Agricultural Research Service

Research Project: TECHNOLOGIES FOR ASSESSING SEDIMENT MOVEMENT & THE INTEGRITY OF FLOOD CONTROL STRUCTURES, STREAMBANKS, & EARTHEN POND-LEVEES & EMBANKMENTS

Location: Watershed Physical Processes Research Unit

Title: Spatial distribution of pipe collapses in Goodwin Creek Watershed, Mississippi

Authors
item Zhang, Tianyu -
item Wilson, Glenn

Submitted to: Hydrological Processes
Publication Type: Peer Reviewed Journal
Publication Acceptance Date: April 20, 2012
Publication Date: July 5, 2013
Repository URL: http://handle.nal.usda.gov/10113/56982
Citation: Zhang, T., Wilson, G.V. 2013. Spatial distribution of pipe collapses in Goodwin Creek Watershed, Mississippi.
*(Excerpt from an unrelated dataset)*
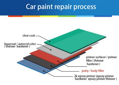 | المادة المتفاعلة: | التشطيبات الموجودة المجففة والصنفرة، ومعجون البوليستر، و1k و2k التمهيدي. |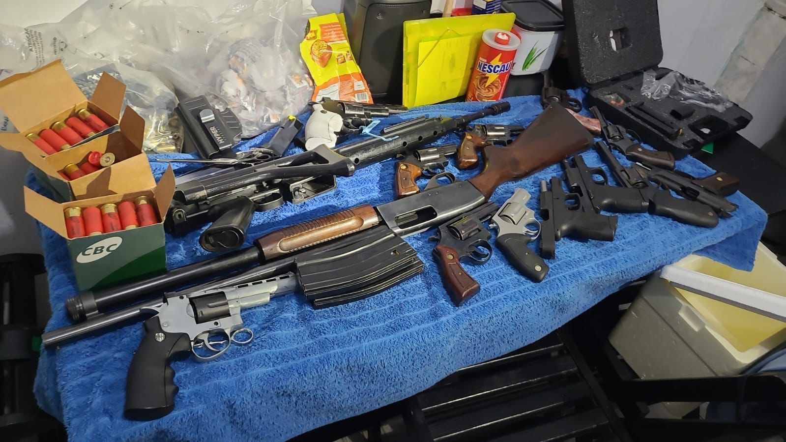 Os policiais encontraram também ferramentas e equipamentos levados de uma obra localizada ao lado da unidade policial. Além disso, a Polícia Científica foi acionada para realizar exames periciais nos locais onde o automóvel foi encontrado, bem como onde estavam as armas recuperadas.

Hydrological Processes. 27:2032-2040.

Interpretive Summary: Erosion of the inside walls of soil pores can continue until the soil above the void collapses forming a depression on the surface. Such depressions indicate the existence of subsurface erosion and affect surface erosion processes. The objective of this study was to determine the locations of pipe collapses in agricultural fields of Goodwin Creek watershed and their effects on surface runoff. A survey of four parcels of land was carried out to detect pipe collapse locations, sizes, and elevation of the surround drainage area. A total of 145 pipe collapses were found and the density was 0.58 pipes ha-1. The pipe collapses were not uniformly spread around the fields but were mostly located in the flat alluvial plains where the landuse was predominately cropland. The soils were mainly Collins silt loam soil, Falaya silt loam and Calloway silt loam soil. One of the four parcels had 90% of the pipe collapses with a density of 7.7 pipes ha-1. The mean depth, area and volume of these pipe collapses were 0.12m, 0.34m2 and 0.02m3, respectively, and consisted mostly of small collapses with only a few large ones. There was no relationship between the drainage area contributing to the pipe and the slope of the land surface at the pipe. This is clear evidence that the subsurface flow processes that created the pipe collapses was not represented by surface topographic characteristics. The pipe collapses were found to intercept runoff thereby reducing the slope length factors by 6% and the drainage area by 7%. Both of these factors can reduce the sheet and rill erosion, however, the increased subsurface flow could enhance ephemeral gully erosion.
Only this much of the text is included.